У нас с сестрой были, конечно, на заводе и друзья. Там, в отличных домах жили многие семьи инженеров, но я помню только некоторых. Наши же друзья были Миша и Нина Лесниковы, они вечно у нас бывали, а мы у них; они, как мы, говорили по-французски, ездили летом за границу, и мы с ними играли в нашем саду во все летние и зимние игры, ставили детские спектакли, все, что тогда естественно полагалось. Помню, как давали мы вчетвером спектакль в зале нашего дома в пользу каких-то "погорельцев", это считалось очень хорошо и нужно; я была моложе всех, в то время мне было всего шесть лет, и потому исполняла немую роль; ставили интермеццо из оперы Пиковая Дама. Моя старшая сестра играла пастушку, Нина Лесникова — пастушка, а Миша — царя. Все они пели, и вполне прилично, и танцевали, я же была негритенком, который носит за царем драгоценности на подушке, чтобы соблазнить пастушку. Мне очень нравился голубой шелковый костюм и белый тюрбан на голове; лицо мне чем-то намазали — оно было совсем черное, и на нем выделялись толстые красные губы.

Но, бывало, мы с сестрой и жестоко дрались, не хуже мальчишек, но это случалось редко и, в общем, мы жили дружно: мне было внушено всеми, что она старшая, а потому я должна ее во всем слушаться - что я и делала. Дальше, должны были слушаться мадмуазель, и уж редко, когда дело доходило до моей матери. А иногда, — это уж в виде особого исключения — какое-то событие выносилось на суд папы; мы ужасно этого боялись, умоляли ему не говорить...

 

- 43 -

а он как раз никогда резко не бранил, и уж просто никогда не наказывал. Вот такая иерархия подступа к родителям, в которой все старшие механически считаются лучше тебя и "лучше знают" — теперь давно кончилась. В этой системе было много плохого, но, конечно, как и во всякой системе, и положительное что-то. Мы твердо знали, что нельзя и что можно, что полагается и чего "не делают" и - знаменитая категория поступков: "ca ne se fait pas". Мы знали, что по этому принципу людей и судят. Почему так не полагается ? Ну, потому!

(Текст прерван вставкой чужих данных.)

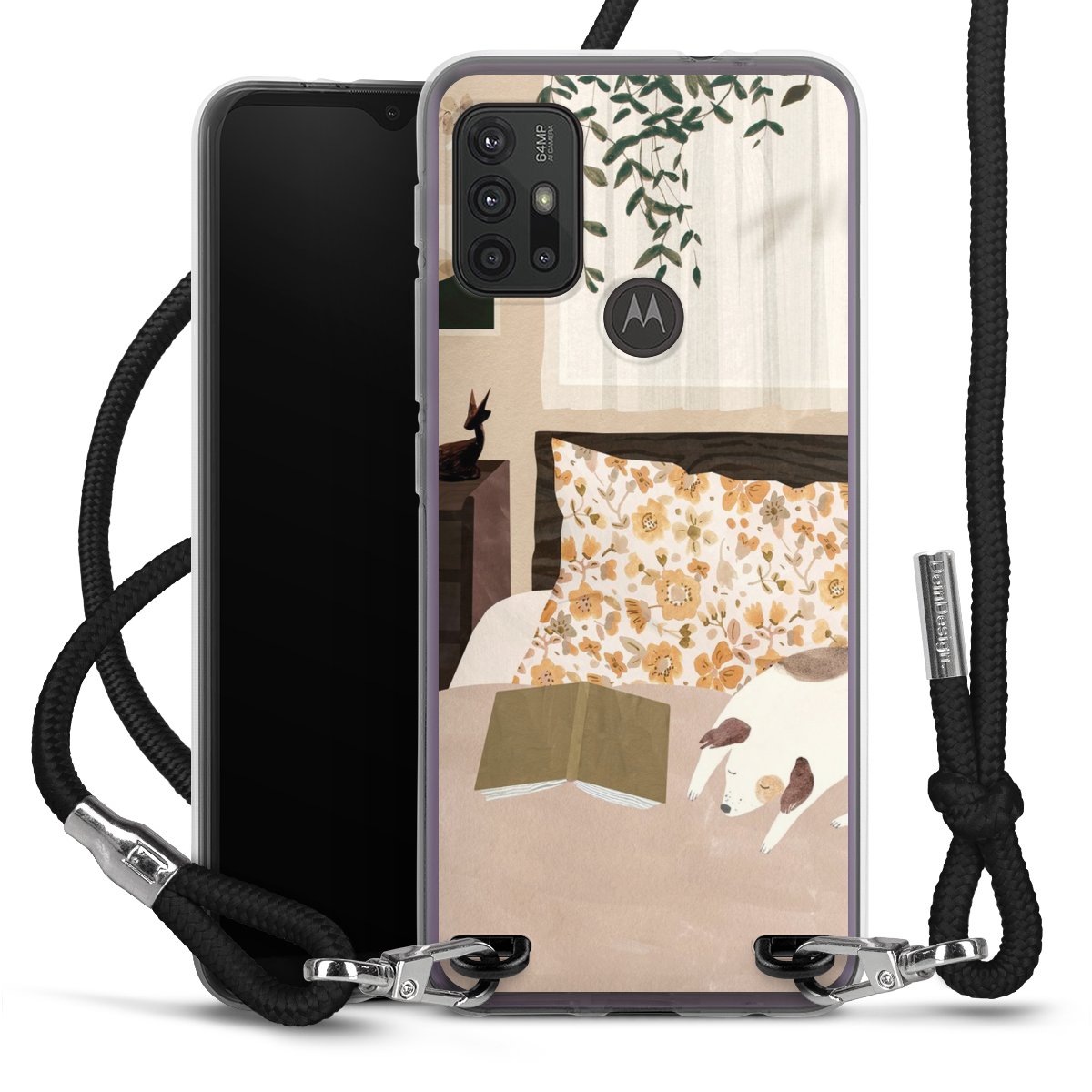 Keep your phone handy at all times, thanks to the flexible silicone case with a textile strap.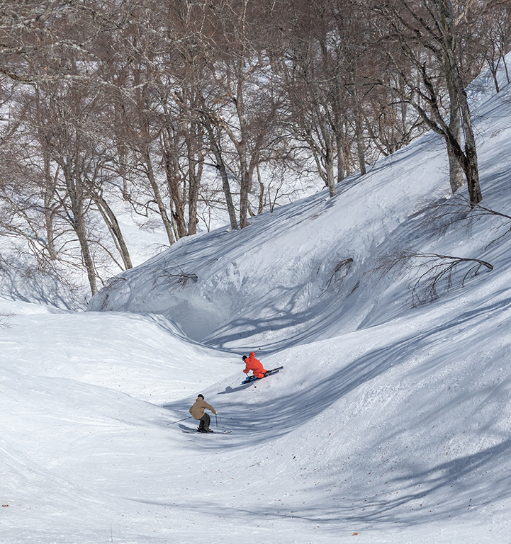 このエリア一帯が豪雪地帯として有名だが、ハイシーズンにはコンスタントに積雪が500㎝を超えてくるのだから、その降りっぷりはケタ違い。スキー場側もこの豊富すぎる雪を最良の形で提供できる環境を整えている。掲げるキーワードは「非圧雪主義」「大自然そのまんま」。圧雪をしない努力を続け、65%以上が非圧雪エリア&コースとして設定されている。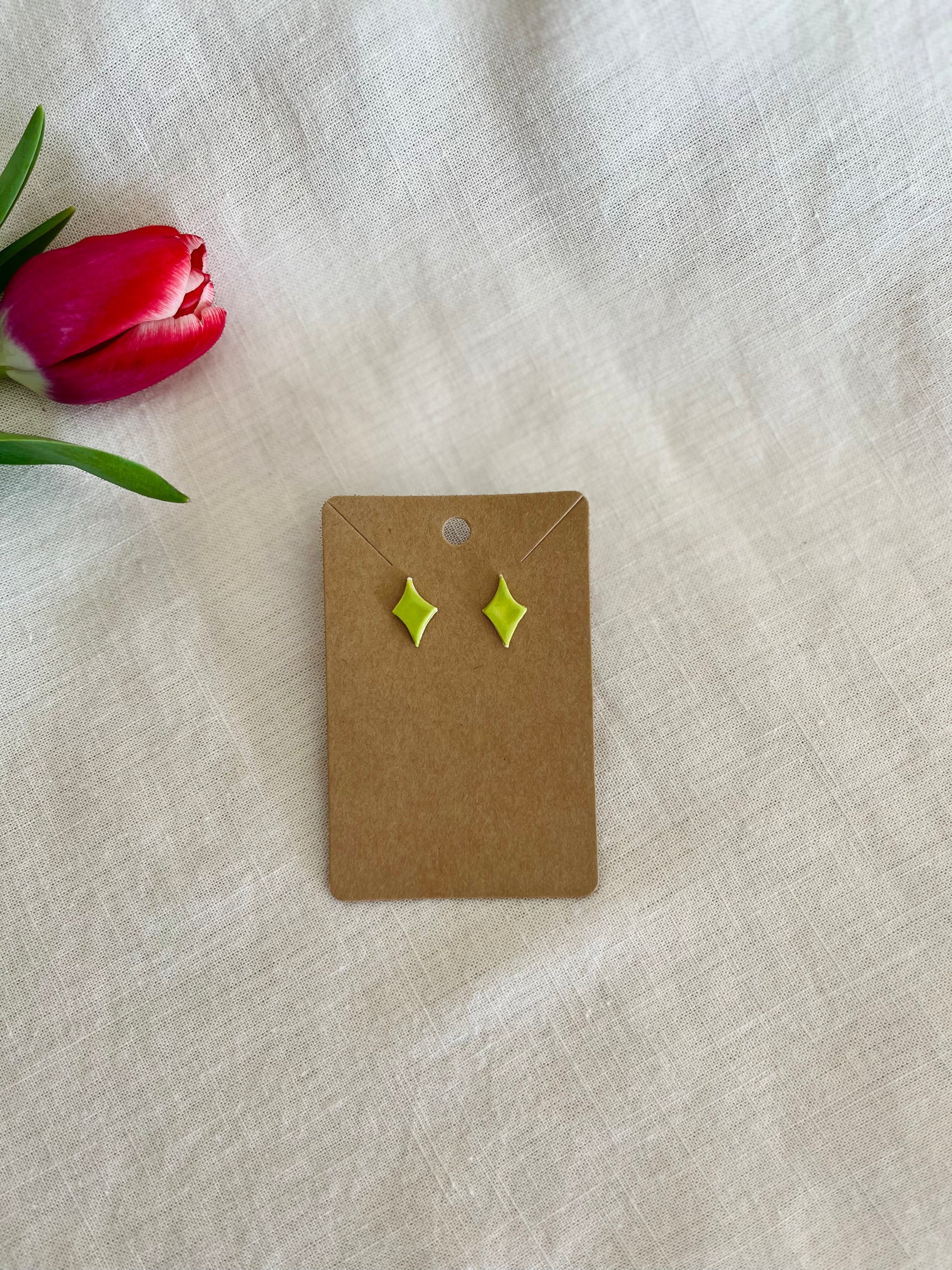 Set of handmade-shaped, painted and fired white clay black diamond or green diamond steel stud earring with clear rubber backings. A stylish handmade accessory to add to the perfect fit!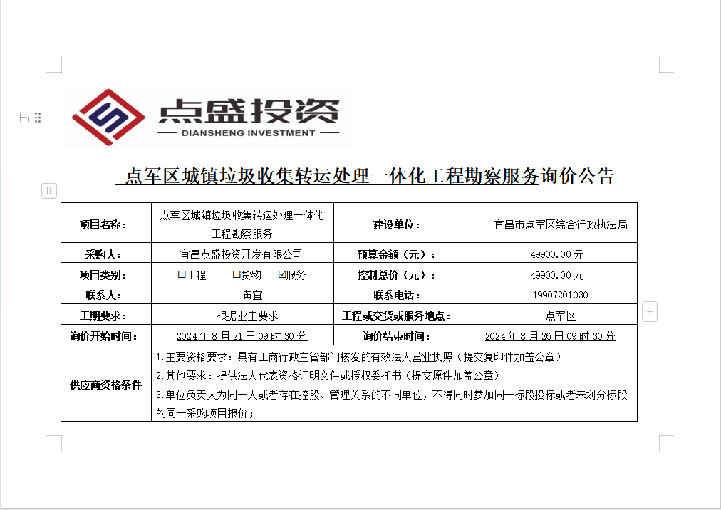 點軍區(qū)城鎮(zhèn)垃圾收集轉(zhuǎn)運處理一體化工程勘察服務詢價公告

Эта школа манер, образа мыслей, говора и речи, уменья высказываться — словом, все то, что французы подразумевают под непереводимым словом comportement*, — все это вколотили нам на всю жизнь, и вот, когда вдруг за поворотом, абсолютно противно всему этому французскому детству, на нас оскалилась реальность -то это в каком-то смысле спартанское детство с присущей ему иерархией ценностей очень помогало и поддерживало — даже в самые зловещие минуты. Не надо забывать и того, что с малых лет нам внушалась и вся православная традиция и обиход: мы ходили каждое воскресенье и все праздники к обедне, с девяти лет говели и понемногу постились — все это было частью обычной нашей детской жизни. Нас учили не быть гордыми, ко всем относиться ровно и по-человечески (грубо ответить горничной или няне считалось просто непозволительно, за это строго наказывали), учили и честности, и взаимопомощи — словом, тогда социальные добродетели как бы вполне совпадали с тем, чему нас учил на уроках богословия наш батюшка, отец Виктор. Когда стали постарше и переехали в Петербург, где, конечно, наш особый мир уже не был так отгорожен от текущей жизни, то, кроме того, что нам были запрещены любые ругательства или грубые слова (впрочем, мы их почти и не знали - неоткуда было), — два слова вообще нам запрещалось произносить: слово "поп" и слово "жид".

 

* * *

 

Была ли я счастлива в детстве? Как сказать... Этот период жизни для меня тем хорош, что он написан как бы одним росчерком пера и окончился с переездом в Петербург в 1905г.: образ жизни и окружение полностью переменились. Как я тогда скучала по Сормову, по его привычной мне звуковой действительности; как мне не хватало большого деревянного дома с его лестницами, приступочками, внезапными и не вполне понятными коридорами,

 

 


* поведение вообще, вся повадка.

- 44 -

прогулок "по мосткам" - я долго-долго не могла привыкнуть к городу, и уж даже не знаю сейчас, когда именно вдруг поняла, что Сормово далеко, оно уже только в памяти, а то, что я так теперь люблю и без чего, кажется, и жить невозможно — это наша Кирочная улица, прогулки в Таврический сад, на Набережную, изредка и на Невский, где так все красиво! Заходы в кондитерскую Тэрно на Литейном, где разрешалось съесть два пирожных и где невозможно было решить, какое лучше выбрать... Или же походы на Караванную, в магазин Пето, где было все : кисти, карандаши, краски, альбомы для раскрашивания, и еще маски, чтобы костюмироваться, какие-то диковинные игры-загадки вроде калейдоскопов, или рожа черного негра под стеклом, и нужно было, чтобы белые зубы-бисерины вскочили в его толстый, красный рот.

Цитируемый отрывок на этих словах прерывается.